## Records for this exercise
● ● ●

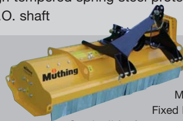
Multi position Fixed Head-Stock Cat. I + II for front or rear mounting
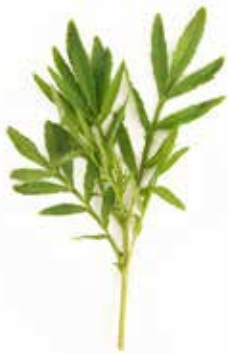
black mint 50ct (08BLM-33)
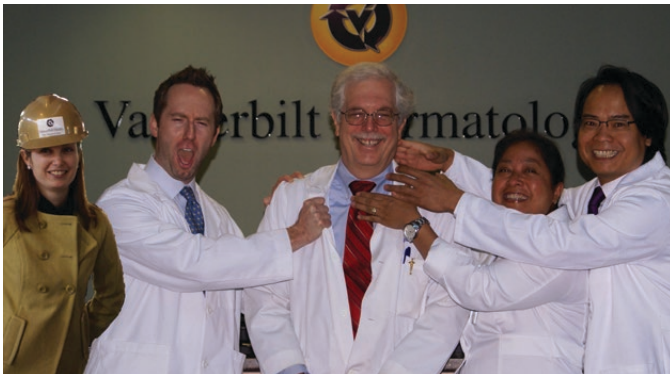
Vanderbilt Mohs Faculty Team, 2012
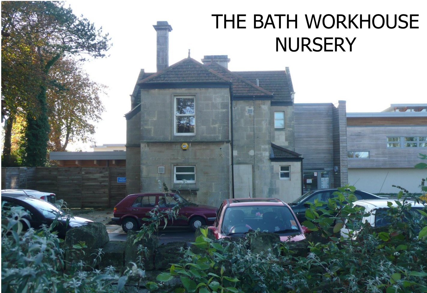
THE BATH WORKHOUSE NURSERY
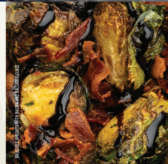
BRUSSELS SPROUTS WITH BACON AND BALSAMIC GLAZE
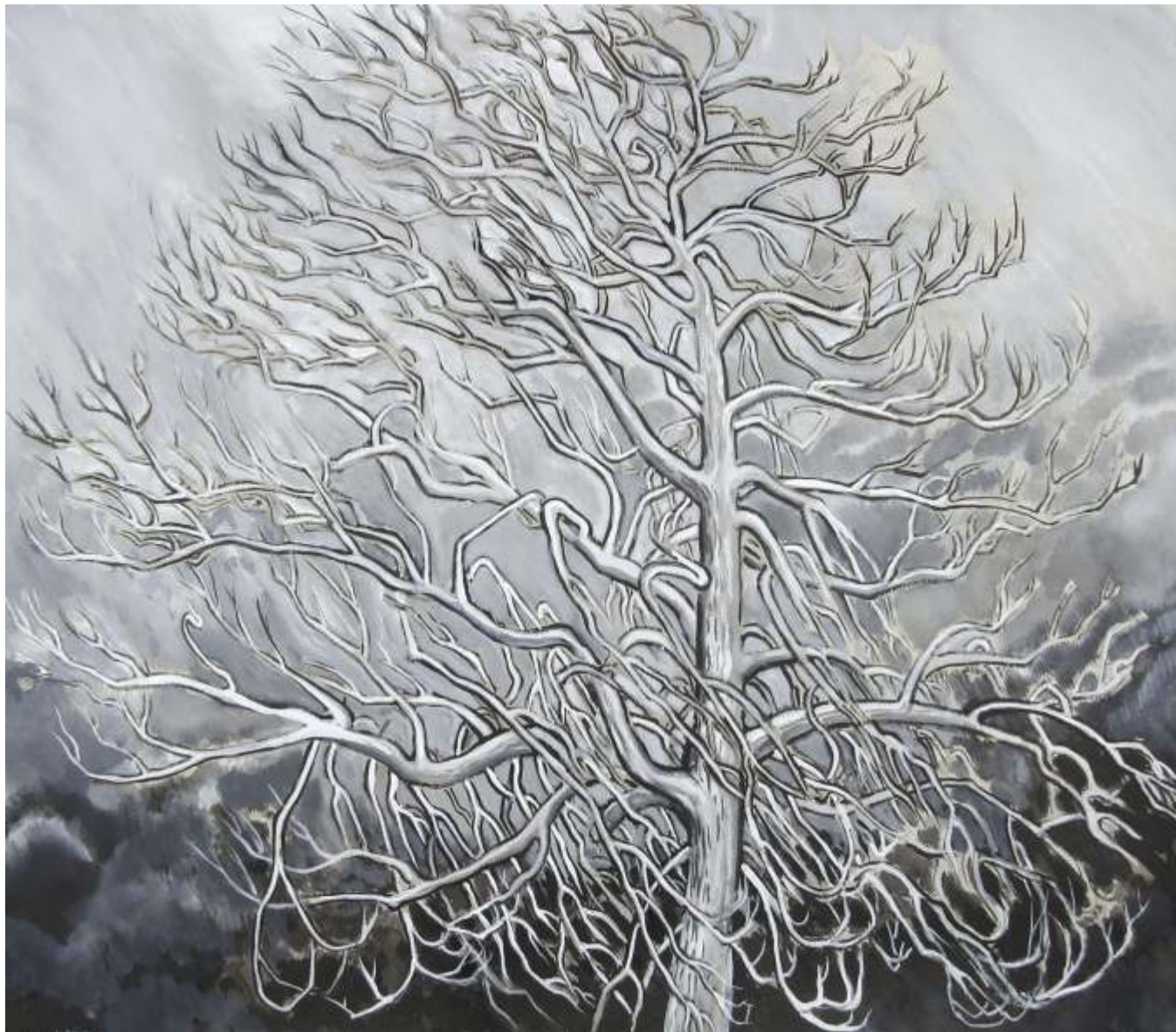
Bare Tree , 1998

ink & watercolour on paper, 31 x 35 inches, studio work
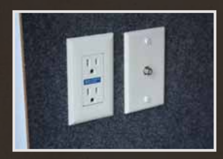
110v outlet and cable outlet conveniently located in the pass-thru storage area.
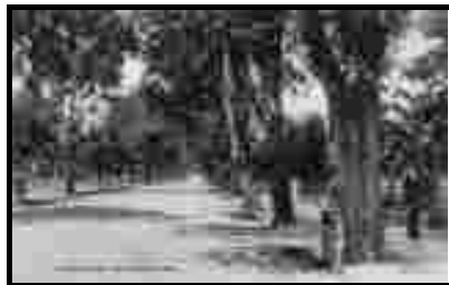
HISTORIC ESTUDILLO AVENUE

● ● ●

## Description of the task
What is needed is an exact repeat of the records, with every picture left out.

## The completed task
Multi position Fixed Head-Stock Cat. I + II for front or rear mounting
black mint 50ct (08BLM-33)
Vanderbilt Mohs Faculty Team, 2012
THE BATH WORKHOUSE NURSERY
BRUSSELS SPROUTS WITH BACON AND BALSAMIC GLAZE
Bare Tree , 1998

ink & watercolour on paper, 31 x 35 inches, studio work
110v outlet and cable outlet conveniently located in the pass-thru storage area.
HISTORIC ESTUDILLO AVENUE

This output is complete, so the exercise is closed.